Y si a eso agregamos
que en esas regiones son prácticamente desconocidos los obispos, los
presbíteros, los pastores, los ministros los rabinos, aún los simples
predicadores; que los maestros de las pocas escuelas son los peor remunerados
del país y que el gobierno nacional sólo dedica, por año y por curso una caja y
media de tiza, no podemos menos que concluir que la ignorancia de estas gentes
es absolutamente invencible.
Y de la ignorancia
invencible, ¿Qué podemos decir?
Pío IX, el último Papa
que fue Rey, que administró a Roma con mano de hierro, que impuso la pena de
muerte a los rebeldes y promulgó el Sylabo, hoy en vía de canonización, dijo: “Por
la fe debemos sostener que por fuera de la Iglesia Apostólica Romana nadie
puede salvarse, que esta es la única arca de salvación; que quien en ella no
hubiese entrado, perecerá en el diluvio. Sin embargo, también hay que tener por
cierto que a quienes sufren ignorancia de la verdadera religión, si aquella es
invencible, no son ante los ojos del Señor reos por ello de culpa alguna.” (Alocución singulari quendam, del 9 de
diciembre de 1854)
Y Juan XXIII, también
en vía de canonización:
“Reconocemos ahora que muchos, muchos siglos
de ceguera han tapado nuestros ojos de manera que ya no vemos la hermosura de tu
pueblo elegido, ni reconocemos en su rostro los rasgos de nuestro hermano
mayor. Reconocemos que llevamos sobre nuestra frente la marca de Caín, durante
siglos Abel ha estado abatido en sangre y lágrimas porque nosotros habíamos
olvidado tu amor.
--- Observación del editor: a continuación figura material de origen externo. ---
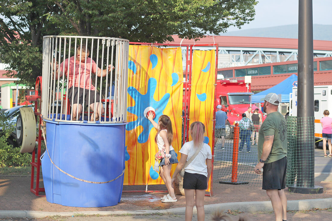 - Avery Hughley, 8, presses the dunk tank button, sending Altoona police officer T.J. Wendt into the water while Aroara Wineland, 10, watches from behind. Mirror photo by Colette Costlow
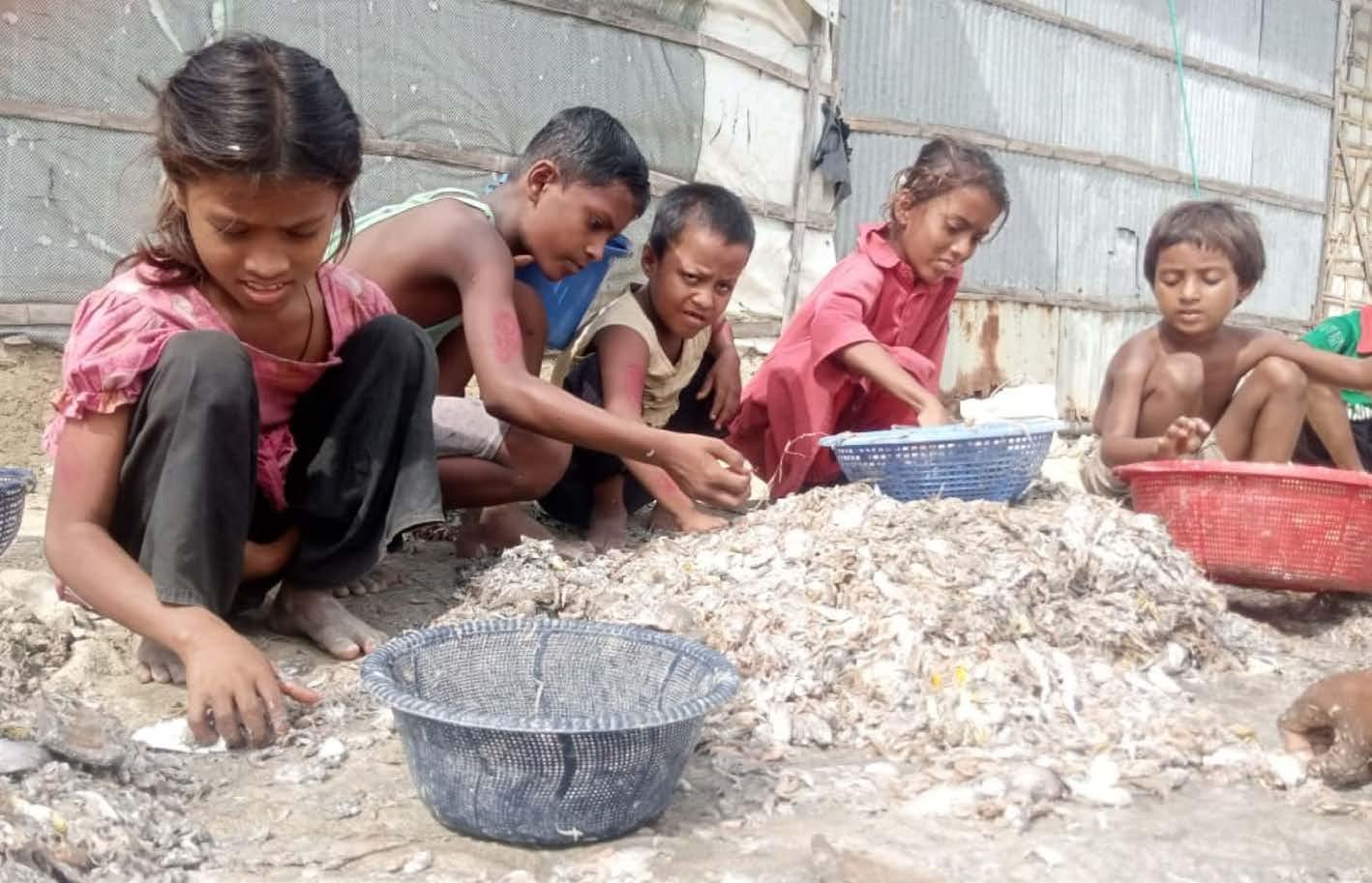 Au Bangladesh, des enfants travaillent pendant des heures sous un soleil de plomb. Certain·e·s n’ont pas plus de huit ans. Dans les sites de démolition navale de Chittagong, des travaux dangereux leur sont confiés pendant que leur père démantèle d’immenses navires. À Cox’s Bazar, leur tâche est d’enlever les arêtes des poissons et de les faire sécher, les mains blessées par le sel, à côté de leur mère qui portent un nourrisson sur le dos sous une chaleur suffocante. Le travail des enfants est également très répandu au Burkina Faso : selon une étude de l’office burkinabè de la statistique de 2022, environ 40 % travaillent, dont un tiers dans des conditions dangereuses et interdites pour les enfants, en tant
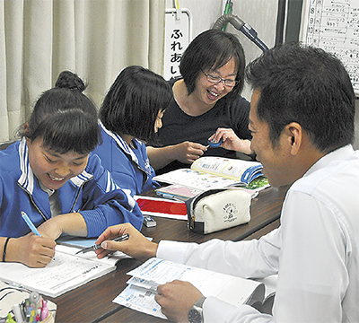 初日に訪れたのは金目中に通う武田優叶(ゆうか)さん(14)と幸芽(こうめ)さん(12)の姉妹。数学や英語の宿題を講師と談笑しながら進めた。優叶さんは「授業の復習になるし、勉強以外のことも地域の大人の人に教えてもらえて楽しい。ここで学んだことを周りの友達に伝えたい」と笑顔で話していた。
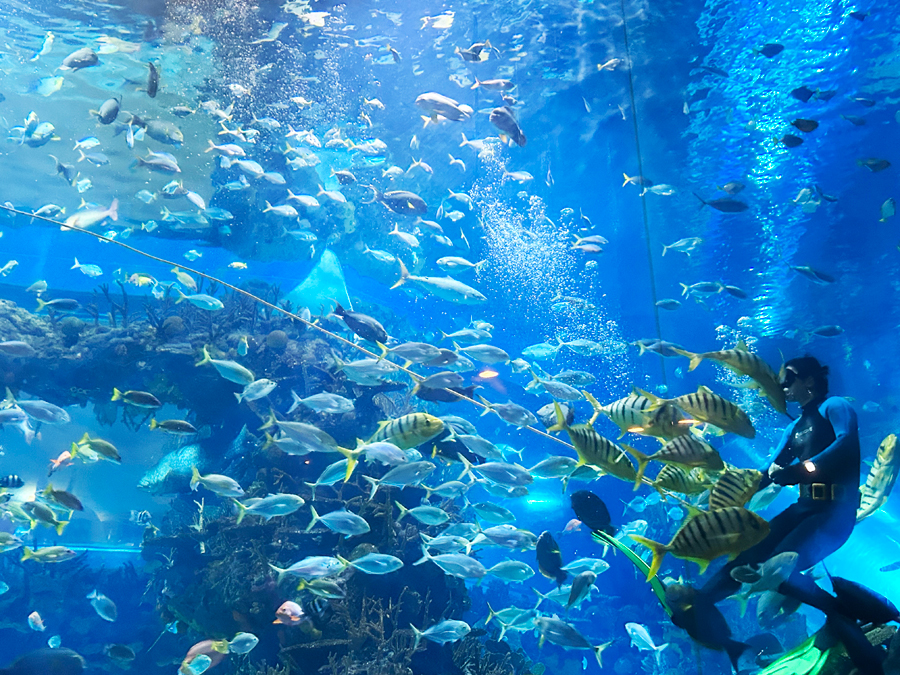 行至中央大厅,巨大的亚克力幕墙豁然展开,整片“海”猝不及防撞入眼帘。鲨鱼巡游如沉默的灰色闪电,鳐鱼舒展双翼滑过头顶,仿佛山峦移动;成群的银鳞小鱼倏忽聚散,变幻出流动的几何图案,仿佛被无形之手指挥的银色交响。我贴在冰凉的玻璃上,看一只海龟慢悠悠划水,眼神沉静如古井,它背负着亿万年的时光密码,在人造的洋流里,竟也游出了几分从容不迫的禅意。
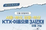 [아시아통신] 12월 30일부터 서울~부산, 강릉~부산 KTX-이음으로 3시간대 이동 가능 ■ 중앙선 운행 횟수 대폭 확대 청량리~부전 구간: 하루 총 6회→18회, 3배 증편 ■ 동해선 부전(부산)~강릉 운행 소요시간 3시간 54분으로, 기존 ITX-마음 운행(5시간 4분)대비 약 1시간 10분 단축

Perdónanos la maldición que injustamente pronunciamos contra
el nombre de los judíos. Perdónanos en su carne, te crucificamos por segunda
vez. Pero no sabíamos lo que hacíamos.” (Oración de arrepentimiento redactada
el 3 de junio de 1963).
Luego por dos mil años,
partiendo del momento de la redención en la cruz, con Jesús, el Cristo,
como primero, la Iglesia Católica ha
pedido el perdón basada en la ignorancia invencible: “Perdónalos porque no
saben lo que hacen.”
Y estos vaqueros que
estamos juzgando “no sabían que matar
indios fuera malo”, como lo acreditan, cuando menos, quinientos años de historia.